SOCIALIZAÇÃO PERSONALIZADORA, imagem da TRINDADE, eis a SÍNTESE da Doutrina da Igreja. Socialismo com mercado socialista

01/09/2018By Luiz Francisco Fernandes de Souza Economia, Filosofia e Religião

A doutrina cristã quer uma socialização com personalização, uma ordem social natural, que concilie justiça social e liberdade pessoal

A boa socialização, que mantém e amplia a subjetividade da sociedade (os direitos das pessoas, das famílias etc), a que concilia e harmoniza o bem pessoal, familiar e social, ou seja, é a realização do bem comum.
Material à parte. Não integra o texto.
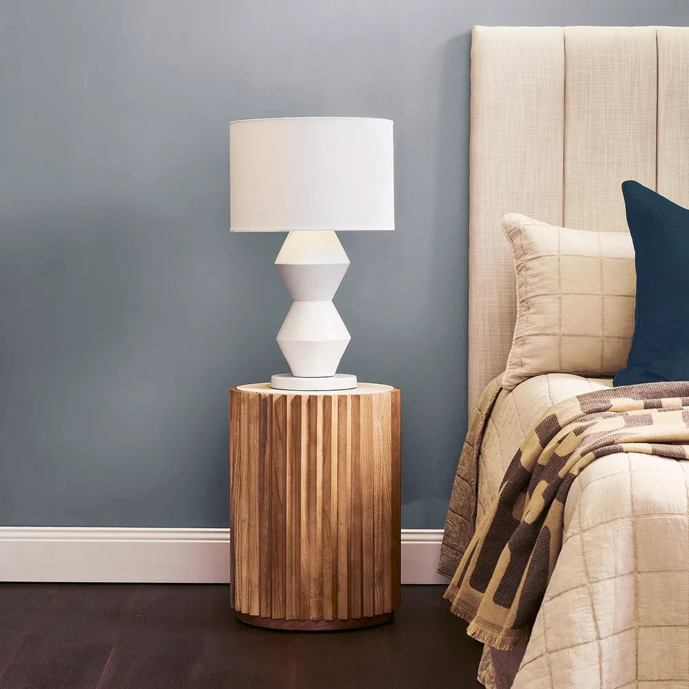 The bold lines of the Abstract White Table Lamp creates a dramatically stunning silhouette. A contemporary matte white finish adorns the resin lamp base and plays on the sharp design of the form. Topped with a white linen drum shade. Finishes may vary slightly.

Na linha da Tradição da Igreja, o padre jesuíta Teilhard de Chardin deixou textos geniais mostrando que a linha evolutiva do universo é baseada na SOCIALIZAÇÃO PERSONALIZADORA, com o MÁXIMO DE SOCIALIZAÇÃO e o MÁXIMO DE PERSONALIZAÇÃO. 

A socialização, urgida por João XXIII e Paulo VI, exige o planejamento público participativo e outras formas de intervenção participativa, estatal e social, como, por exemplo: estatais para bens e recursos que atribuem excesso de poder (bancos, siderurgia, petróleo etc, cf. Pio XI, na “Quadragesimo”), dirigismo, o controle de preços e de câmbio, por regras e regulamentações.

Esta socialização é absolutamente necessária e complementa a personalização, o trabalho da consciência em cada pessoa, o florescimento da personalidade de todos (o bem comum é o bem de todos e de cada um).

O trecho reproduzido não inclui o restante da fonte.